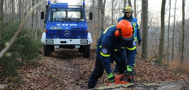Am Samstag gegen 05:30 Uhr wurde das THW Weingarten zur Wiederaufnahme einer Personensuche im Bereich Durlesbach, Bad Waldsee im Wald Richtung Greut alarmiert. Hier haben sich gestern während des schweren Unwetters ein Vater mit seinem Sohn im Wald aufgehalten, seither sind sie nicht wieder zurückgekehrt. Es wurde bereits am Vortag nach den beiden gesucht, jedoch musste die Suche am Vortag auf Grund der eintretenden Dunkelheit abgebrochen werden. Wegen des Sturms waren die Zufahrtsstrecken zum Wald mit umgestürzten Bäumen blockiert, welche erst von den Motorsägenführern frei gemacht werden mussten. Die Mannschaft des THWs konnte Vater und Sohn nach kurzer Zeit auffinden und mit dem Unimog im unwegsamen Gelände die Verletzten retten da eine Befahrung der Strecke mit dem Rettungswagen nicht möglich war.
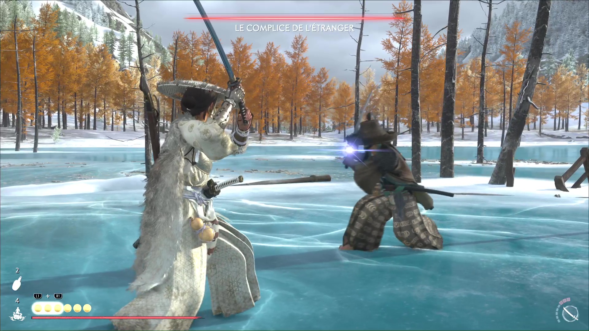 Votre adversaire se bat au départ avec son katana. Il utilisera régulièrement des attaques bleues, donc soyez prêt à souvent parer et/ou dévier sa lame.
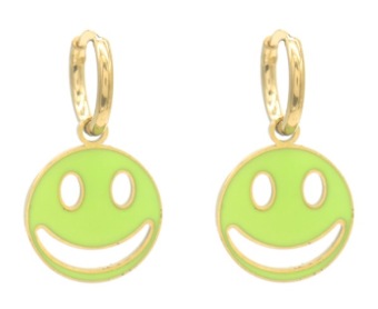 Deze oorbellen bestaan uit kleine hoops ofwel oorringen van 9 mm met daaraan een Smiley in fluo-groen emaille op goud, van stainless steel zodat ze lang mooi blijven. Van deze oorbellen moet je toch vanzelf glimlachen?
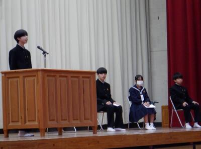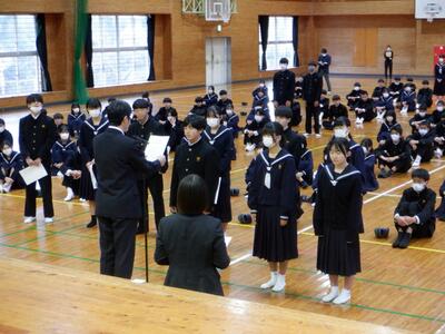 12月24日(水)、体育館で2学期終業式を実施しました。各学年及び生徒会代表による2学期の振り返りや各種表彰が行われ、2025年の1年間を締めくくりました。明日からの冬季休業中に、心身をリフレッシュし、新たな決意で新年(3学期)を迎えてくれることを期待しています。
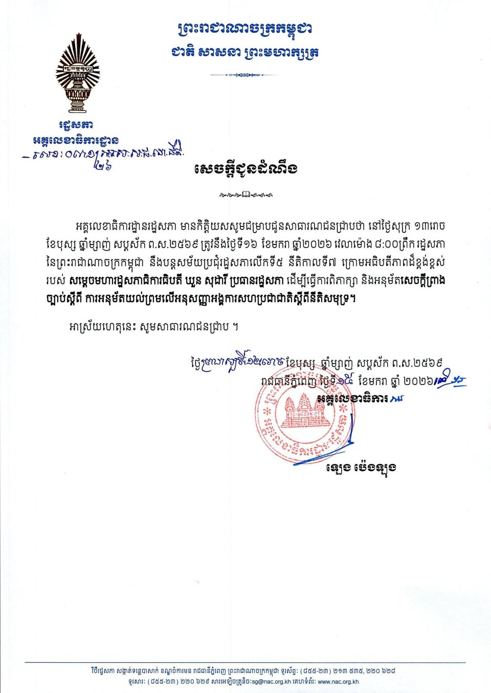 នៅព្រឹកថ្ងៃទី១៦ ខែមករាឆ្នាំ២០២៦ រដ្ឋសភានៃព្រះរាជាណាចក្រកម្ពុជា បានបន្តសម័យប្រជុំ រដ្ឋសភាលើកទី៥ និតិកាលទី៧ ក្រោមអធិបតីភាព សម្តេចមហារដ្ឋសភាធិការធិបតី ឃួន សុដារី ប្រធានរដ្ឋសភា ដើម្បីពិភាក្សាអនុម័ត សេចក្តីព្រាងច្បាប់យល់ព្រមលើអនុសញ្ញា អង្គការសហប្រជាជាតិស្ដីពីនីតិសមុទ។
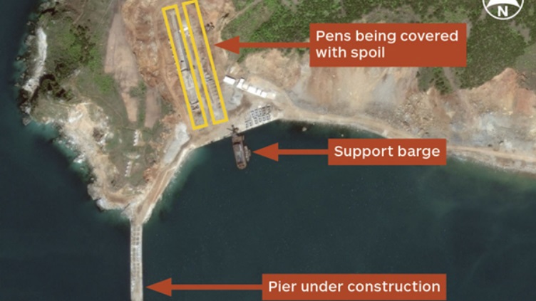 商業(yè)衛(wèi)星圖像顯示,基地的建設(shè)大約是從2009年8月到2012年11月之間開始的,占地約6000平方米的海港已經(jīng)被防波堤圍起。2012年11月的某個(gè)時(shí)間,周圍山上的土石開始被作為建筑材料。
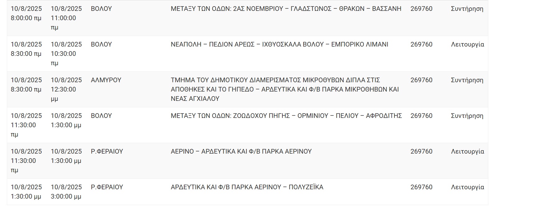 Διακοπές ηλεκτρικού ρεύματος θα σημειωθούν σε περιοχές του Βόλου και της Μαγνησίας προκειμένου να εκτελεστούν απαραίτητες τεχνικές εργασίες του ΔΕΔΔΗΕ.Ειδοποιούνται οι κάτοικοι της παρακάτω περιοχής ότι για να εκτελεσθούν οι απαραίτητες τεχνικές εργασίες της ΔΕΔΔΗΕ θα γίνει διακοπή του ηλεκτρικού ρεύματος:
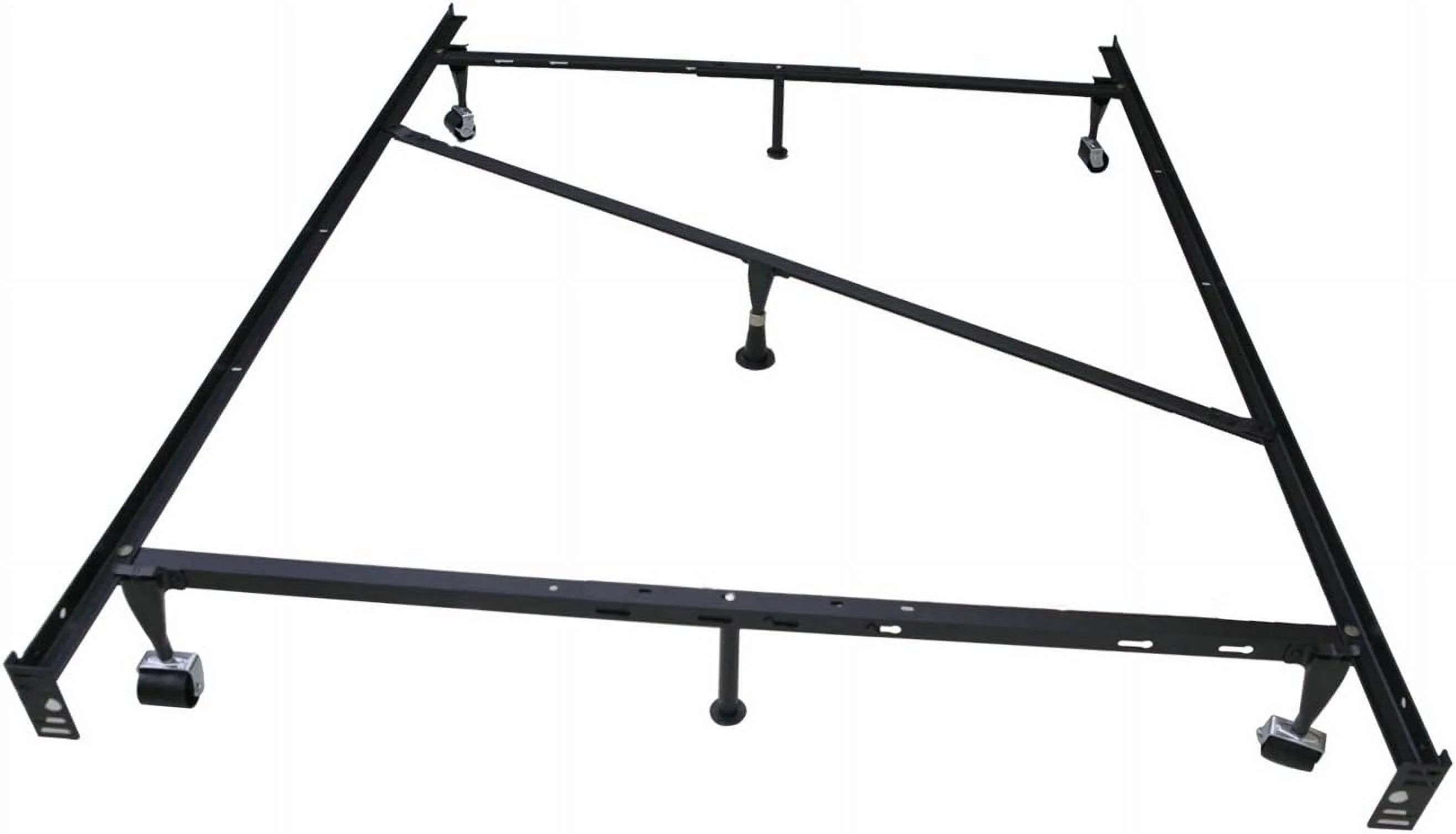 Heavy Duty Metal 7-Leg Adjustable Queen, Full, Full XL, , XL, Bed Frame With Center Support, Rug s & Locking Wheels
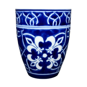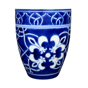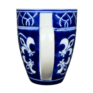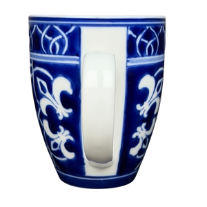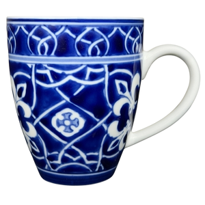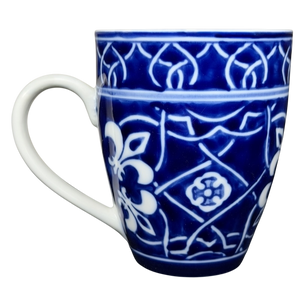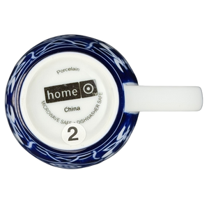 This porcelain mug features a striking cobalt blue and white pattern inspired by traditional tile and floral motifs, creating a bold yet timeless look that wraps the entire exterior. The gently tapered shape, smooth white handle, and crisp white interior offer a comfortable, everyday feel while highlighting the rich contrast of the detailed design. Marked on the base with the Home brand and Catalina designation, this mug blends classic decorative style with practical usability, making it a versatile addition to both modern and traditional mug collections.
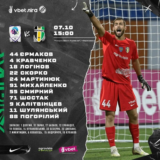 Запасні: Долгий, Ернандес, Андрейчук, Базаєв, Плакса, Безерра, Таран.
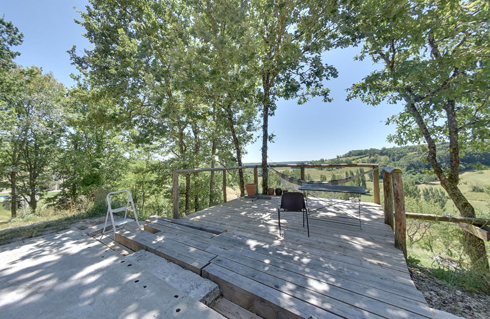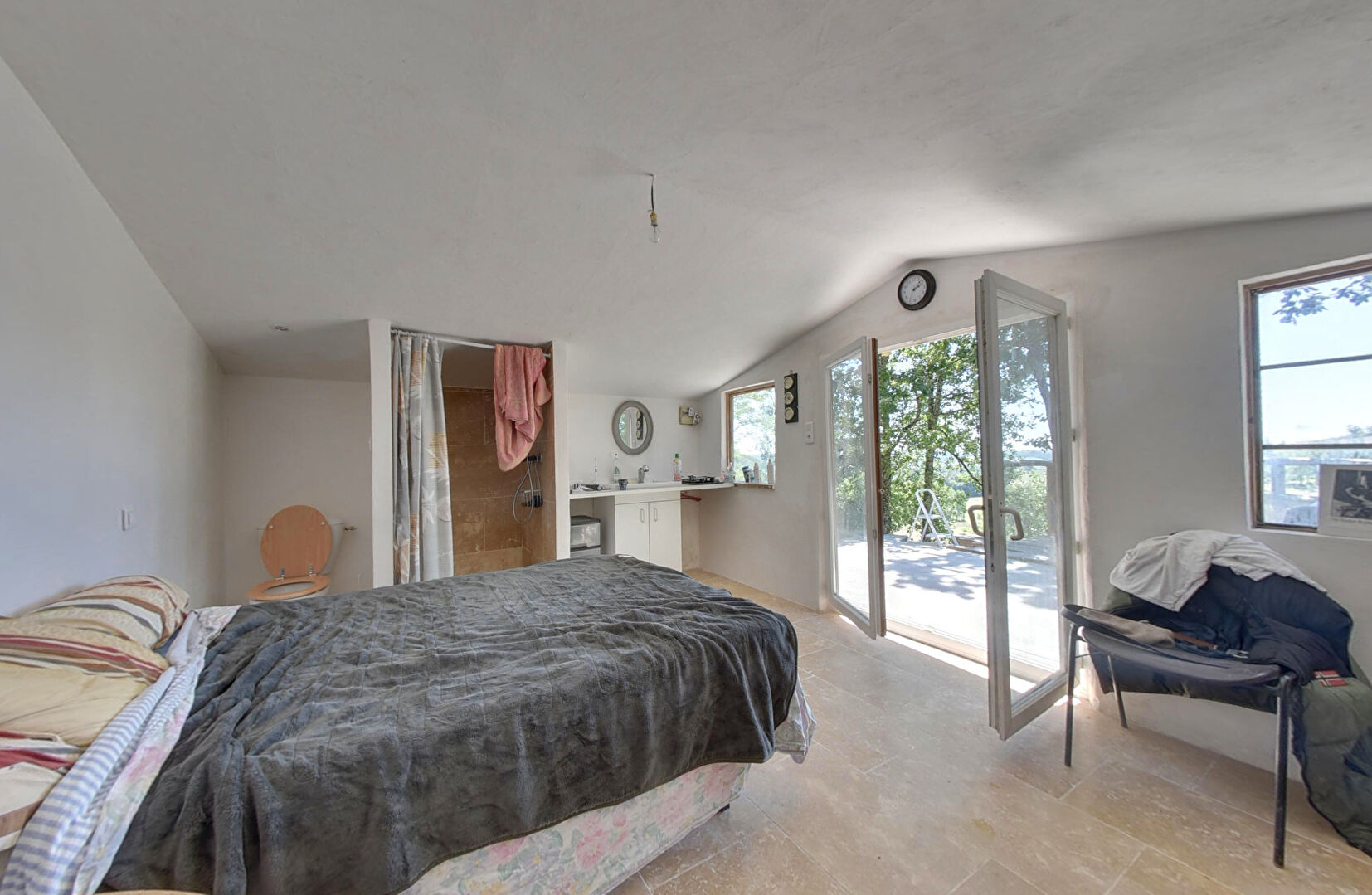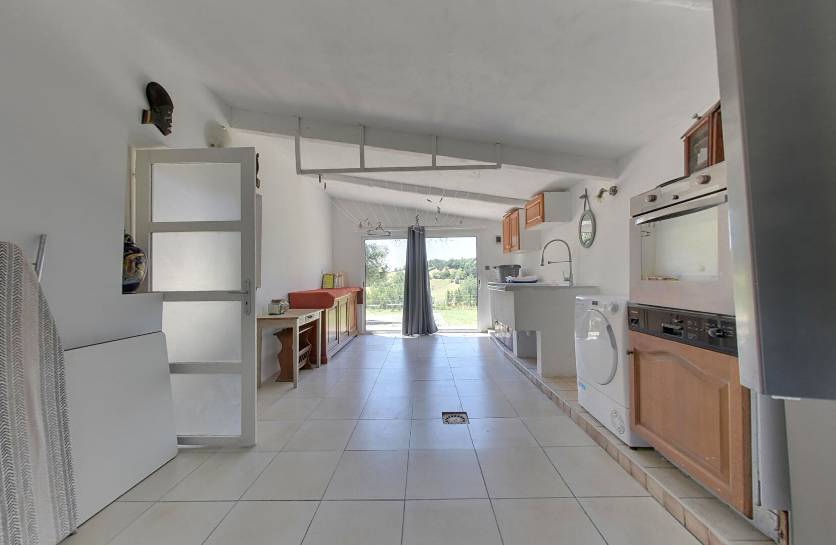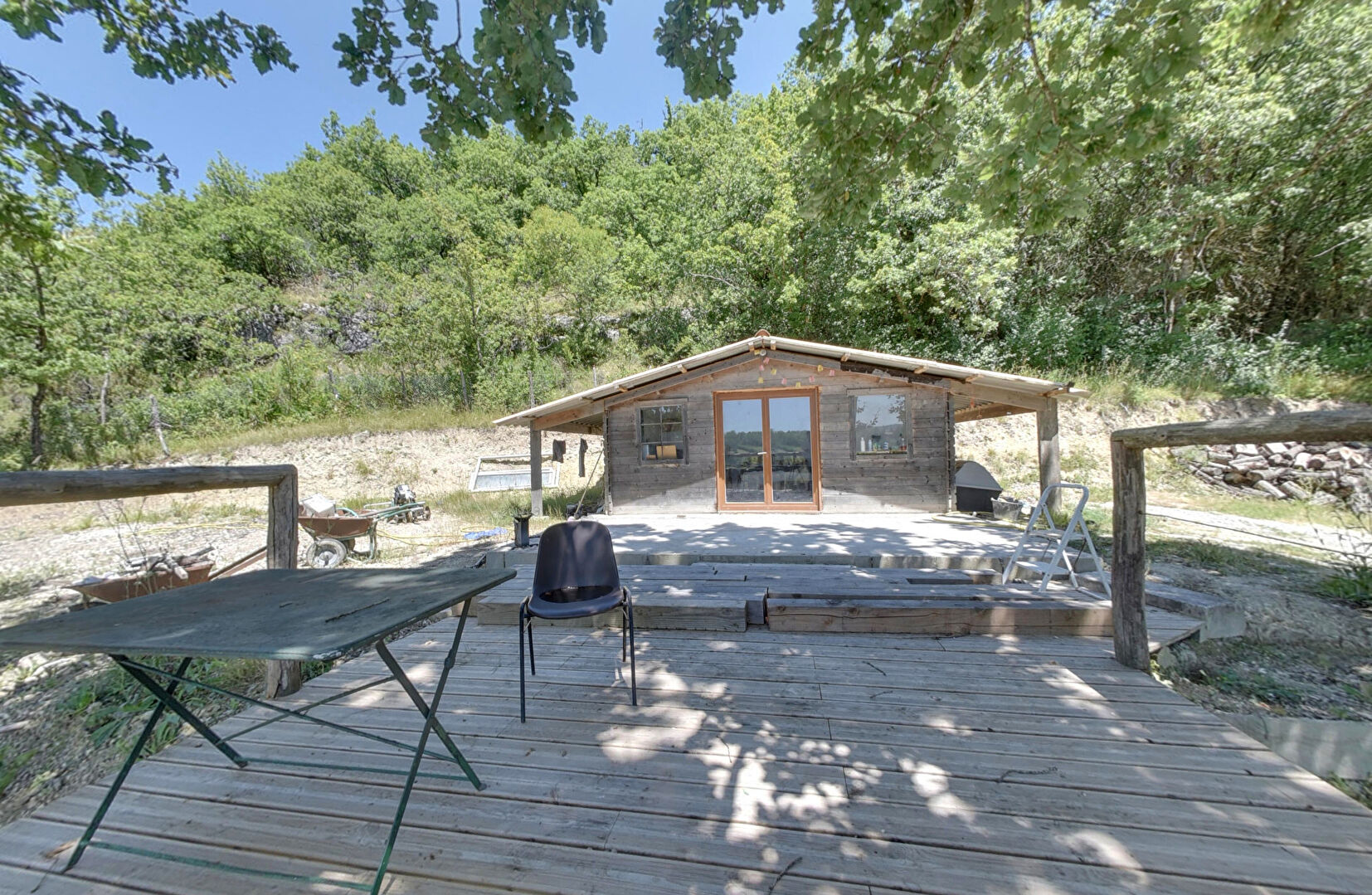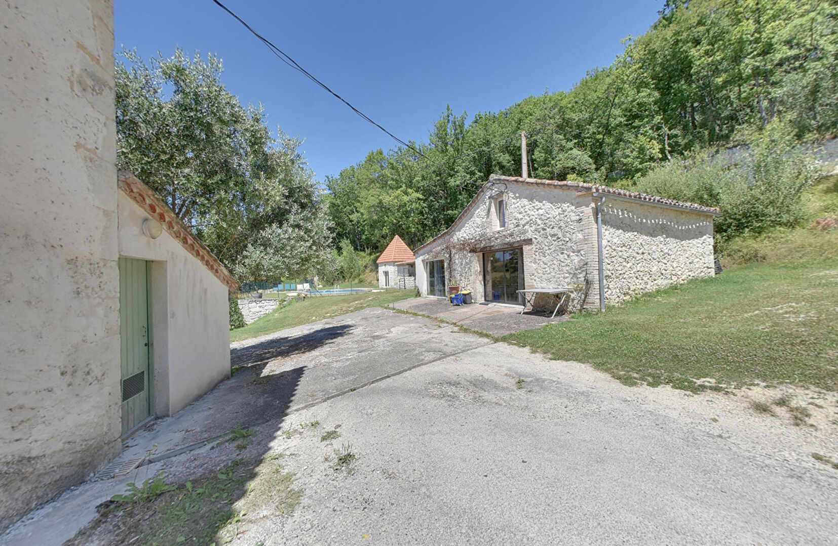 Sur le terrain de 2,5 hectares se trouve également une dépendance aménagée, composée d'une grande pièce de vie, d'une cuisine séparée et d'une douche, le tout à proximité de la partie piscine.

> **EXERCISE**: Print each entry exactly, leaving pictures out.

> **RESULT OF THIS TASK**:
Am Samstag gegen 05:30 Uhr wurde das THW Weingarten zur Wiederaufnahme einer Personensuche im Bereich Durlesbach, Bad Waldsee im Wald Richtung Greut alarmiert. Hier haben sich gestern während des schweren Unwetters ein Vater mit seinem Sohn im Wald aufgehalten, seither sind sie nicht wieder zurückgekehrt. Es wurde bereits am Vortag nach den beiden gesucht, jedoch musste die Suche am Vortag auf Grund der eintretenden Dunkelheit abgebrochen werden. Wegen des Sturms waren die Zufahrtsstrecken zum Wald mit umgestürzten Bäumen blockiert, welche erst von den Motorsägenführern frei gemacht werden mussten. Die Mannschaft des THWs konnte Vater und Sohn nach kurzer Zeit auffinden und mit dem Unimog im unwegsamen Gelände die Verletzten retten da eine Befahrung der Strecke mit dem Rettungswagen nicht möglich war.
 Votre adversaire se bat au départ avec son katana. Il utilisera régulièrement des attaques bleues, donc soyez prêt à souvent parer et/ou dévier sa lame.
 Deze oorbellen bestaan uit kleine hoops ofwel oorringen van 9 mm met daaraan een Smiley in fluo-groen emaille op goud, van stainless steel zodat ze lang mooi blijven. Van deze oorbellen moet je toch vanzelf glimlachen?
 12月24日(水)、体育館で2学期終業式を実施しました。各学年及び生徒会代表による2学期の振り返りや各種表彰が行われ、2025年の1年間を締めくくりました。明日からの冬季休業中に、心身をリフレッシュし、新たな決意で新年(3学期)を迎えてくれることを期待しています。
 នៅព្រឹកថ្ងៃទី១៦ ខែមករាឆ្នាំ២០២៦ រដ្ឋសភានៃព្រះរាជាណាចក្រកម្ពុជា បានបន្តសម័យប្រជុំ រដ្ឋសភាលើកទី៥ និតិកាលទី៧ ក្រោមអធិបតីភាព សម្តេចមហារដ្ឋសភាធិការធិបតី ឃួន សុដារី ប្រធានរដ្ឋសភា ដើម្បីពិភាក្សាអនុម័ត សេចក្តីព្រាងច្បាប់យល់ព្រមលើអនុសញ្ញា អង្គការសហប្រជាជាតិស្ដីពីនីតិសមុទ។
 商業(yè)衛(wèi)星圖像顯示,基地的建設(shè)大約是從2009年8月到2012年11月之間開始的,占地約6000平方米的海港已經(jīng)被防波堤圍起。2012年11月的某個(gè)時(shí)間,周圍山上的土石開始被作為建筑材料。
 Διακοπές ηλεκτρικού ρεύματος θα σημειωθούν σε περιοχές του Βόλου και της Μαγνησίας προκειμένου να εκτελεστούν απαραίτητες τεχνικές εργασίες του ΔΕΔΔΗΕ.Ειδοποιούνται οι κάτοικοι της παρακάτω περιοχής ότι για να εκτελεσθούν οι απαραίτητες τεχνικές εργασίες της ΔΕΔΔΗΕ θα γίνει διακοπή του ηλεκτρικού ρεύματος:
 Heavy Duty Metal 7-Leg Adjustable Queen, Full, Full XL, , XL, Bed Frame With Center Support, Rug s & Locking Wheels
 This porcelain mug features a striking cobalt blue and white pattern inspired by traditional tile and floral motifs, creating a bold yet timeless look that wraps the entire exterior. The gently tapered shape, smooth white handle, and crisp white interior offer a comfortable, everyday feel while highlighting the rich contrast of the detailed design. Marked on the base with the Home brand and Catalina designation, this mug blends classic decorative style with practical usability, making it a versatile addition to both modern and traditional mug collections.
 Запасні: Долгий, Ернандес, Андрейчук, Базаєв, Плакса, Безерра, Таран.
 Sur le terrain de 2,5 hectares se trouve également une dépendance aménagée, composée d'une grande pièce de vie, d'une cuisine séparée et d'une douche, le tout à proximité de la partie piscine.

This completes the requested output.